# fish shipped to airport



## piranhamagnet (Jun 30, 2004)

im getting some fishes from ash soon, wanted to know what the procedures are and any experiences would be nice.


----------



## SERRAPYGO (Feb 4, 2003)

Just go pickem' up. Acclimate them slowly by dumping in your tank water into the bag they are in by cup fulls in about 10 minute intervals. About 3 times doing this should be good. Equalizing the temp is the most important thing.

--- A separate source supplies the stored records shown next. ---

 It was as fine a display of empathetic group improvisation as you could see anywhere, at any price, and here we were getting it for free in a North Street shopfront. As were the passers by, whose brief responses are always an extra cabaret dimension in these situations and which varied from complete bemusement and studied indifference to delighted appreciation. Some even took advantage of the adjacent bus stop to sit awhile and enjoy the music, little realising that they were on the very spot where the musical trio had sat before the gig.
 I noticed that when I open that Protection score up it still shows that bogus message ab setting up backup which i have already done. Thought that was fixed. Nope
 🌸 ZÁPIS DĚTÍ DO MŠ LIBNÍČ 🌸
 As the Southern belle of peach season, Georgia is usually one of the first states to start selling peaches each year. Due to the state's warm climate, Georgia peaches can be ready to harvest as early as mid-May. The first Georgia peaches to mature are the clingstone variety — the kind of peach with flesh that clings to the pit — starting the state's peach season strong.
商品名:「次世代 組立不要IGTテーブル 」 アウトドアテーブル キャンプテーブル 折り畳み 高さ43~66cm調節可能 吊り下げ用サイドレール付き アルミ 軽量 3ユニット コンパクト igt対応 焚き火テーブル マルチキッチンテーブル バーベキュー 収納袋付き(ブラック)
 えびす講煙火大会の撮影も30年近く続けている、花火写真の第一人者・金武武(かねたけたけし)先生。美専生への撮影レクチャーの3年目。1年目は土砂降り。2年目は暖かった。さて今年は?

Don't dump any of the bagged water in your tank.


----------



## piranhaha (Mar 22, 2004)

just go to the cargo terminal tell them you have a package coming in, pay for the shippment and be on youre merry way...


----------



## piranhamagnet (Jun 30, 2004)

thanks , i just hope it wont be crowded. i hear you can receive the fish the same day ?


----------



## SERRAPYGO (Feb 4, 2003)

piranhamagnet said:


> thanks , i just hope it wont be crowded. i hear you can receive the fish the same day ?

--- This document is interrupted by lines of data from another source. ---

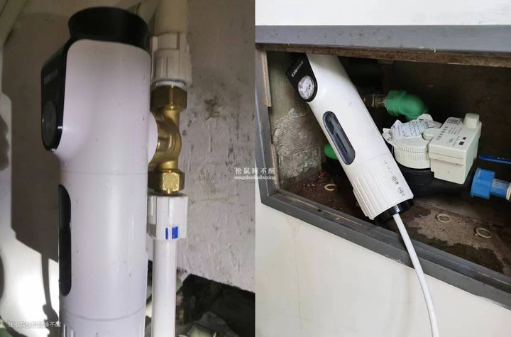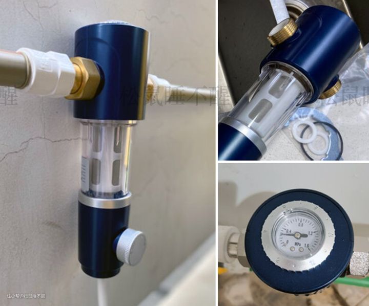 像每隔一段时间,总是要手动去清洗一下龙头滤网、洗衣机滤网、花洒滤网等,不清理,水就会变小,而有了前置,每个月只需要花一分钟,定期冲洗一下前置的滤网就行,关键是这个过程还不脏手,打开排污阀,看着它自己冲就行。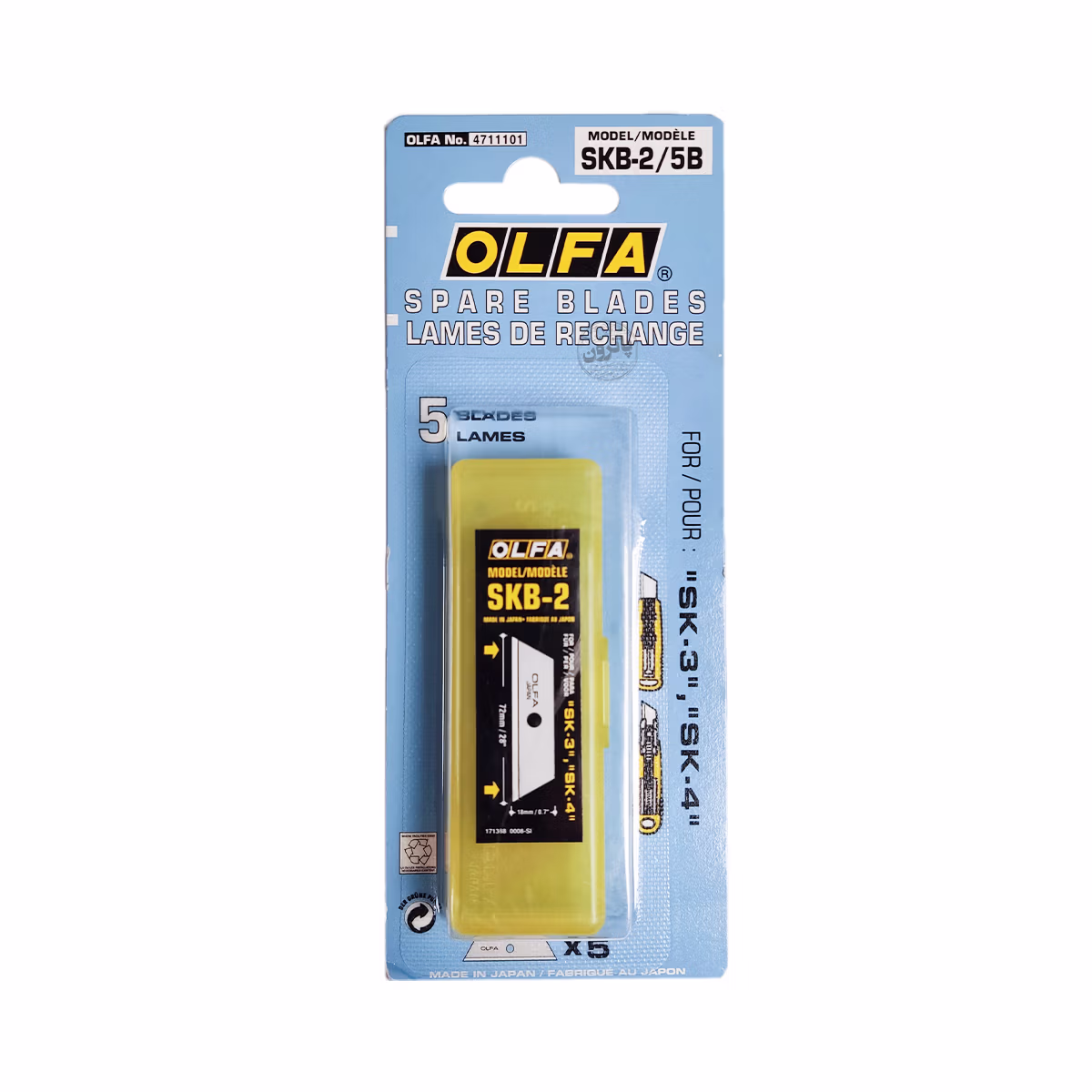 یدک تیغ الفا مدل SKB-2/5B بستهای شامل ۵ تیغ یدکی استاندارد برای کاترهای ایمنی و ابزار برش برند «الفا / OLFA» است. این تیغهای مثلثیشکل برای برشهای تمیز، دقیق و ایمن در کارهای بستهبندی، باز کردن کارتن، پلاستیک، فویل، فیلمهای بستهبندی و موارد مشابه کاربرد دارند.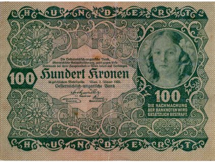 Bankovka Hundert Kronen, (100 korun) 1922, Osteraich Ungarian Bank, 1922. 1023 No: 093561. Osterreichisch - ungarische Bank - Inflationskronen. Platnost: 5. 7. 1922 -31....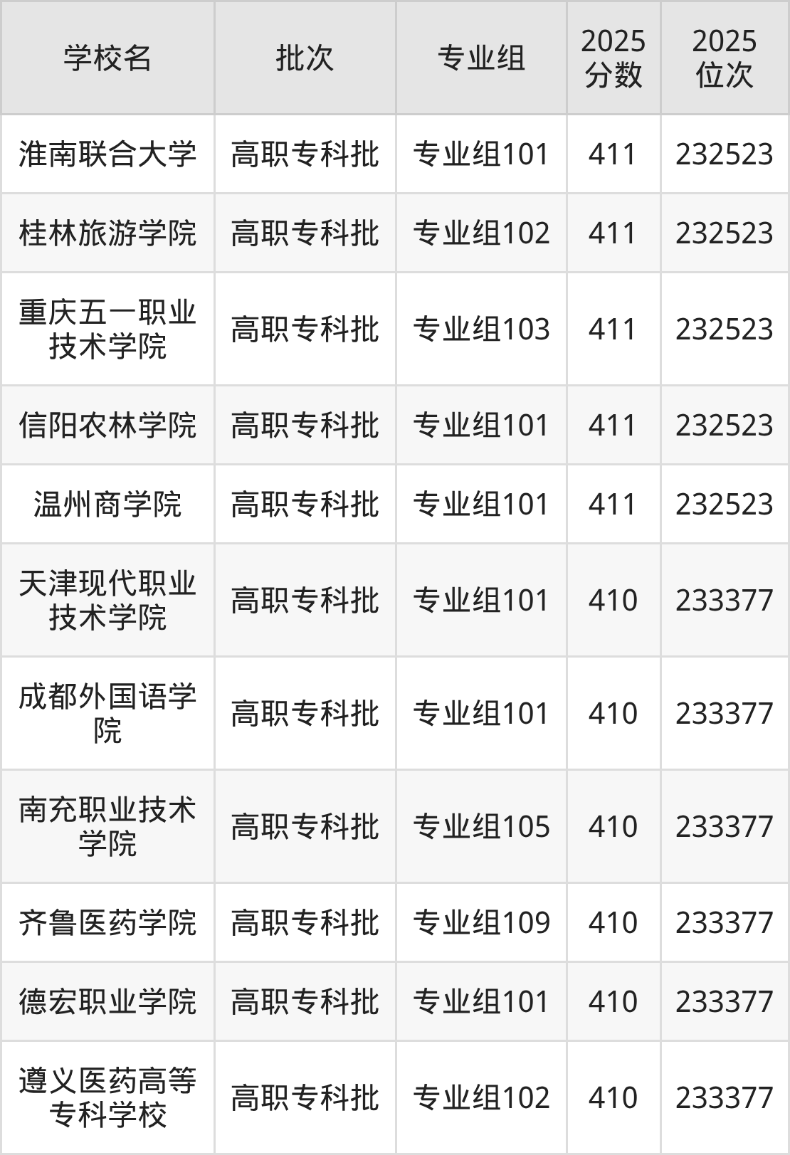2025年四川高考物理类410分(232524名~233377名)能上的大学有德宏职业学院专业组101、遵义医药高等专科学校专业组102、齐鲁医药学院专业组109、成都外国语学院专业组101等。

 It shouldn't be crowded where you're picking them up. It's possible to pick them up the same day but it's usually over night. Did Ash give you tracking numbers? I assume he's using Air Cargo. Wich is great.


----------



## aqualife (Sep 4, 2003)

Have done it twice. Once with the NE Group Buy with Nitrofish and Piranhaha and once on my own. Both times were a snap and were done with "Ash" The Fish catcher. Just have him tell you what Airline company he is using(NorthWest Airline
I think); the flight number and the time it will arrive at your local airport.

I'm not sure how they handle cargo at your airport, but at mine in Boston(Logan),
they have a area for all cargo. So they split all the cargo - passenger bag's stay at the main terminal and commerical stuff go to cargo area. That's at Logan.

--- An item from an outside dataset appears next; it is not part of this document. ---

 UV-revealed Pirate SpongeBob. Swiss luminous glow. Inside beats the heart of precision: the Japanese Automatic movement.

You always get your fish same the day Ash packages them.








A few hour's in the bag, better/safer for your fish.

So just call Ash that morning and get the info on the flight - show up at the airport early and your all set.

Check this out: http://www.piranha-fury.com/forum/pfury/in...showtopic=50839

Ash








313-477-5088


----------



## piranhamagnet (Jun 30, 2004)

thanks aqualife.


----------



## aqualife (Sep 4, 2003)

No problem. Ash







won't let you down.
Good luck with your new fish.


----------



## pinchy (Jun 3, 2004)

I just had one shipped to tf green airport from ash. It was sent on north west and everything went off without a problem. It took me about 5 minutes to find the cargo pickup building, pay and sign for the fish, then drive off with it. Its very easy and the fish is in great condition.


----------



## nitrofish (Jan 14, 2003)

air cargom is a must for large fish or fragle fish. it takes hours to recive your fish instead of overnite. I bought my big rhom from george and he would only ship via aircargo for that very reason


----------



## piranhamagnet (Jun 30, 2004)

well there's on baggage areas in my airport, what am i looking for cargo? can i choose any airline ?


----------



## piranhamagnet (Jun 30, 2004)

so what time usually is it less busy? I dont want to wait in a long line


----------